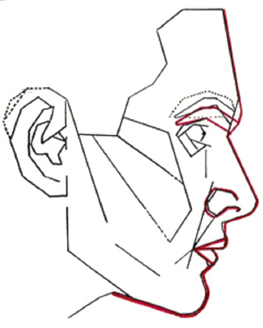 - 顔を横から見て鼻先と顎先を直線で結んだ際に唇がちょうど重なる、もしくは唇が少し内側に引っ込んでいること
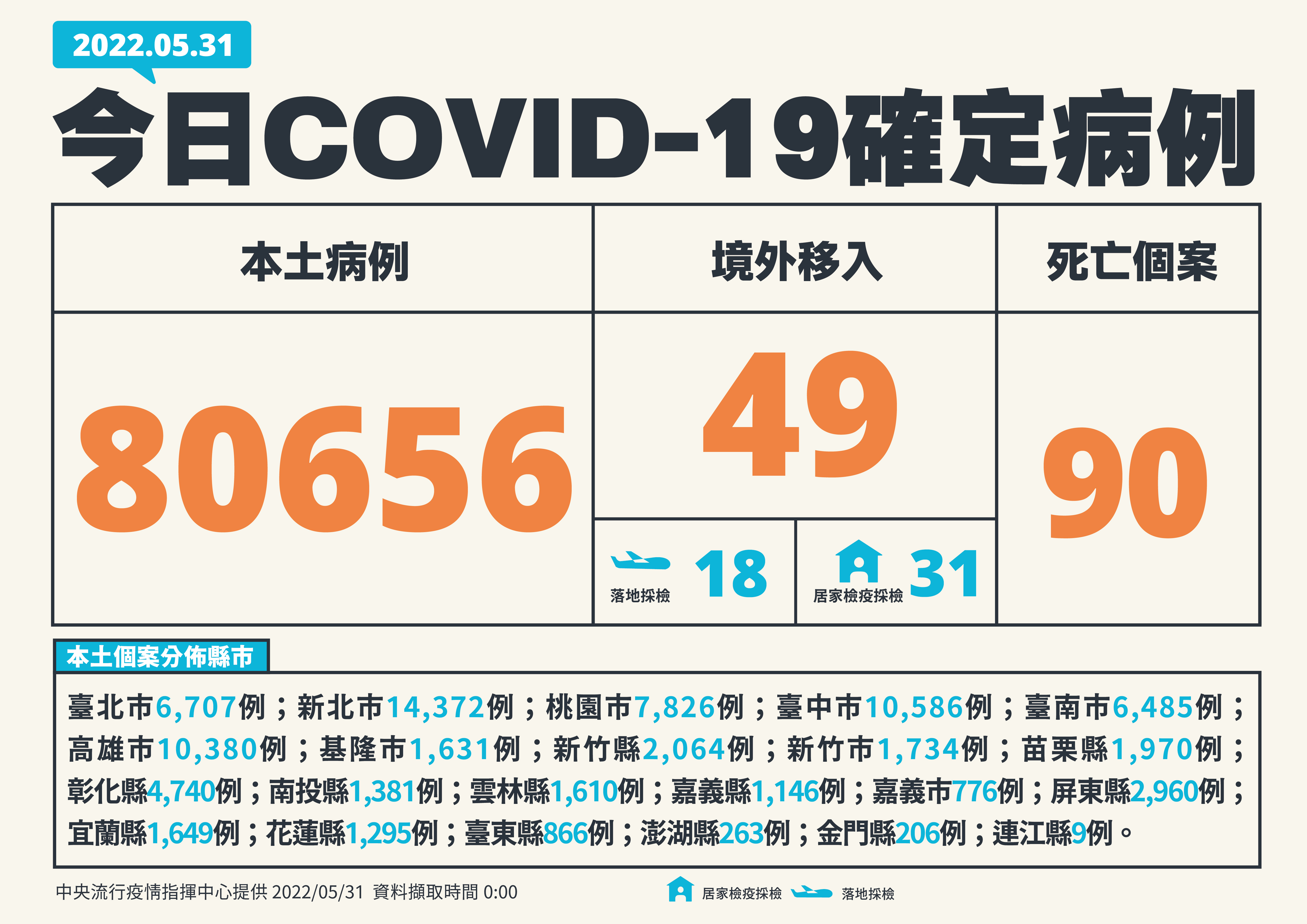 【健康醫療網/記者林哲遠報導】中央流行疫情指揮中心今(31)日公布國內新增80,705例COVID-19確定病例,分別為80,656例本土個案及49例境外移入(18例為航班落地採檢陽性);另確診個案中新增90例死亡。
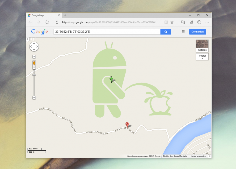 Il semblerait que les développeurs de Google Maps préfèrent Android à Apple: c’est ce que l’on peut penser en affichant les coordonnées GPS 33°30’52.5″N 73°03’33.2″E dans Google Maps en tous cas.
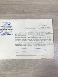 Письмо. Климентий Талавира художнику Чегоровскому Л.И.
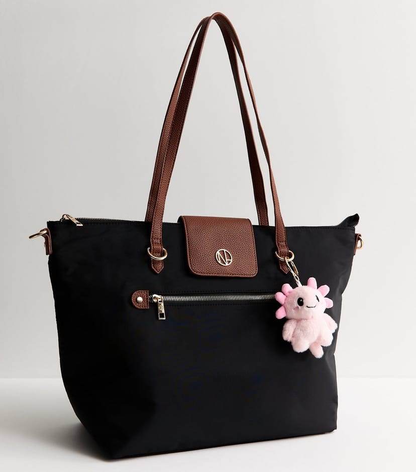 Attach the pink axolotl charm to your black tote bag for a playful and cute look.
———
> Task goal: Give again exactly the lines from the one that contains "Письмо. Климентий Талавира" through the end of the material, both ends included, omitting the pictures.

> Answer to this task:
 Письмо. Климентий Талавира художнику Чегоровскому Л.И.
 Attach the pink axolotl charm to your black tote bag for a playful and cute look.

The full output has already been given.